Fig. 1. Microscope image recorded in the emulsion and its schematic drawing of the IBUKI event.


 

 

Gifu University

Japan Atomic Energy Agency (JAEA)

Tohoku University

J-PARC Center

High Energy Accelerator Research Organization (KEK)

Abstract

An international team of 97 researchers from 26 institutes of 6 countries, Japan, Korea, USA, China, Germany, and Myanmar led by Kazuma Nakazawa, a senior professor of Gifu University, observed the decay of a Xi hypernucleus in a nuclear-emulsion experiment carried out at J-PARC, Tokai, Japan.
In the observed event as shown in Fig. 1, which is named “IBUKI” after Ibuki Mountain in Gifu, a Xi-minus particle, which contains two strange quarks, was bound to a Nitrogen-14 nucleus. By a detailed analysis of the decay products observed in the emulsion, the Xi hypernucleus mass could be precisely determined for the first time. The precise mass measurement of Xi hypernuclei gives information on “strong interaction” between a Xi-minus particle and a nucleus, and underlying interaction between a Xi particle and a proton/neutron. Since particles containing strange quark (hyperons), such as a Xi-minus particle, are predicted to appear in the core of neutron stars, which are the densest objects in the Universe, then the strength of the interaction leads to an understanding of which hyperons appear in which densities in neutron stars, and hence the structure like the radius and pressure inside. This result, therefore, is expected to contribute the understanding how the matter was formed from quarks, the elementary particles, and what is the structure of interior of neutron stars which are often described as giant nuclei.

 

The result was published online in “Physical Review Letters (PRL) on Friday 12 February, 2021 (Japan time). The paper was selected as an Editors’ Suggestion and the commentary article was also published in Physics Synopsis (https://physics.aps.org/articles/v14/s15).
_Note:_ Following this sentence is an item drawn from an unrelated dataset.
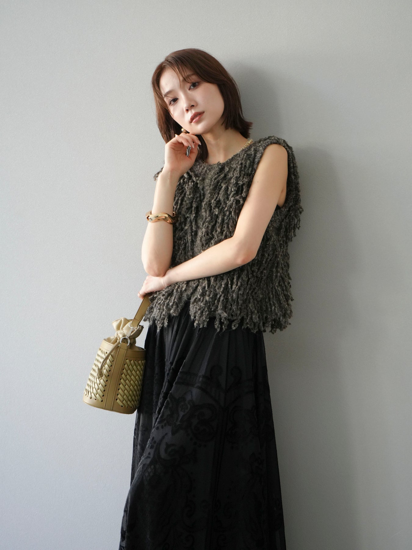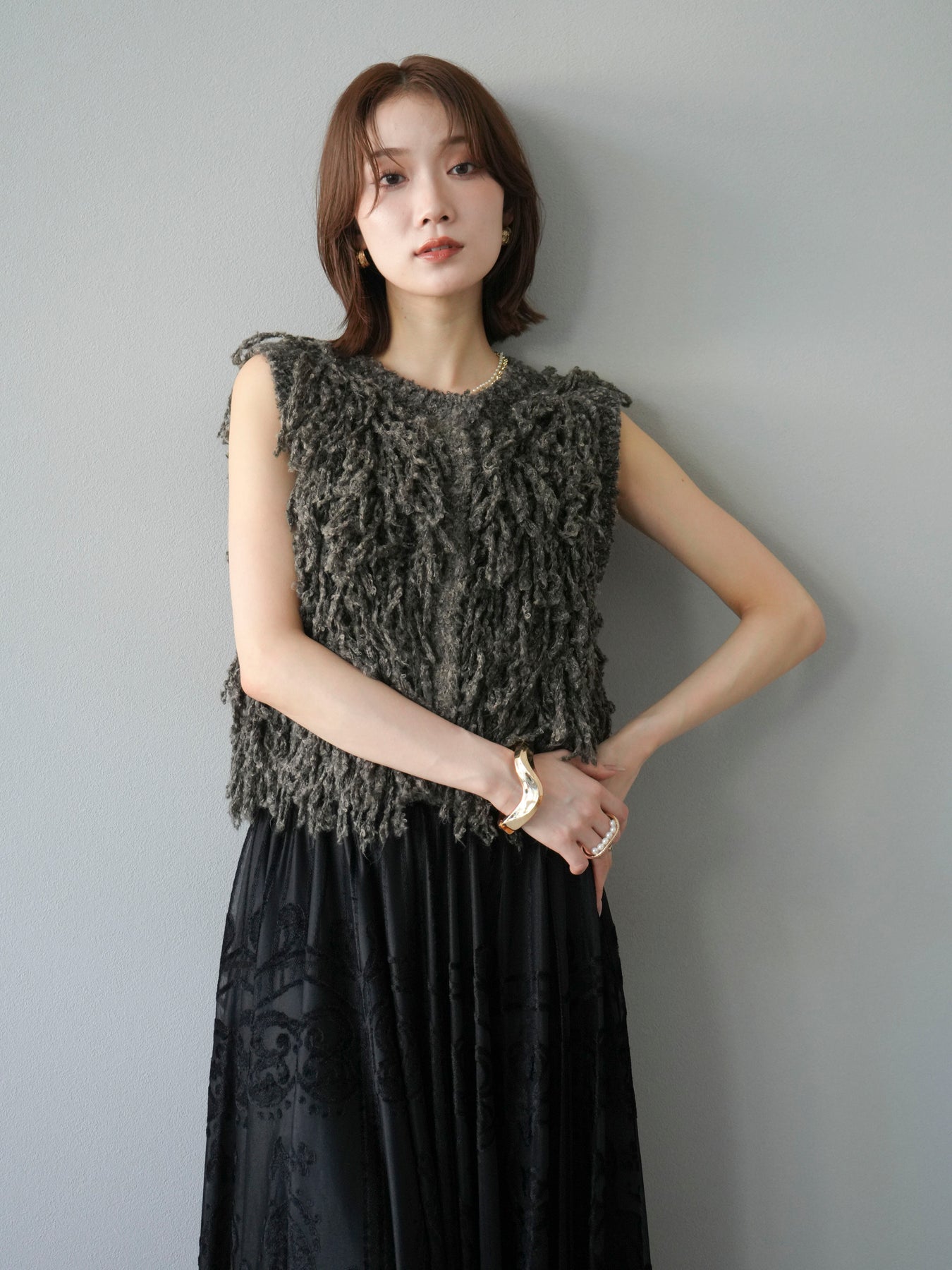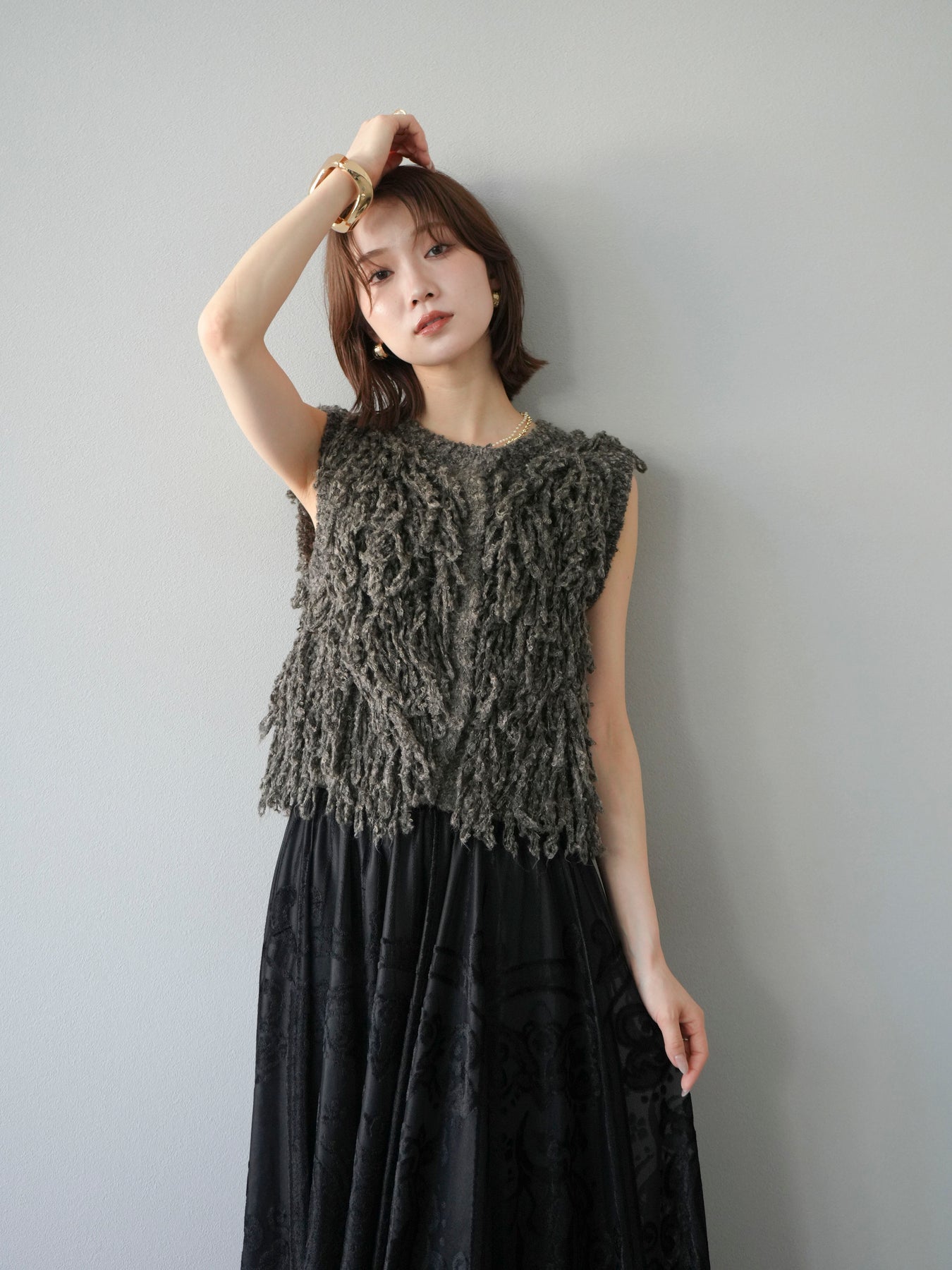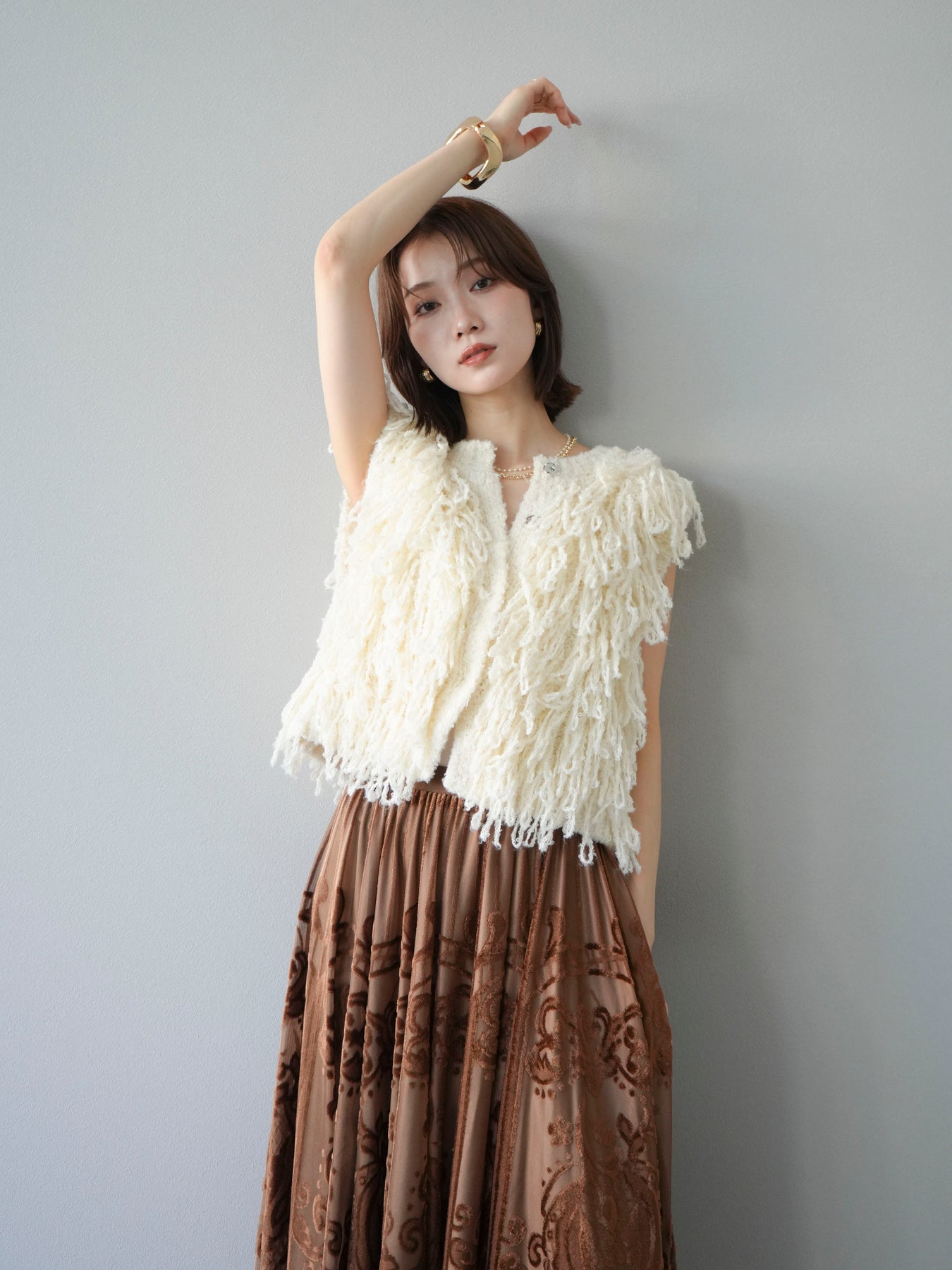 ループ状のフリンジを全体にあしらったデザイン性の高いニットベスト。立体感のある編地が存在感を放ち、シンプルなコーディネートにプラスするだけで華やぎを与えてくれます。程よくコンパクトな丈感でボトムスとのバランスが取りやすく、パンツスタイルにもスカートにも好相性。シャツやカットソーにレイヤードすることで季節を問わず活躍し、トレンド感あふれるスタイリングが完成します。軽やかな着心地で、アクセサリーとの相性も良く、着こなしをアップデートしてくれる一枚です。 ※ボトムス、キャミソール(インナー)以外の商品は一律でインナーは付属していません。

Microscope image (Fig.1 left) was shown in the cover page of PRL Volume 126 Issue 6 issued on 12 February (USA time).

 

Key points of this research results

◆A Xi-hypernucleus was observed in the experiment at J-PARC.
◆The existence of the Xi hypernucleus was first confirmed in our past experiment, but we were unable to determine its mass, uniquely.By the present observation, however, the mass of the Xi hypernucleus was precisely determined for the first time.
◆Mass of the observed Xi hypernucleus gives information on strong interaction between a Xi-minus particle  and a nucleus and the underlying interaction between a Xi particle and a proton (neutron). This is an important finding that will help us to understand how nuclei are formed from quarks, as well as the internal structure of the densest neutron stars in the Universe from a ground-based experiment.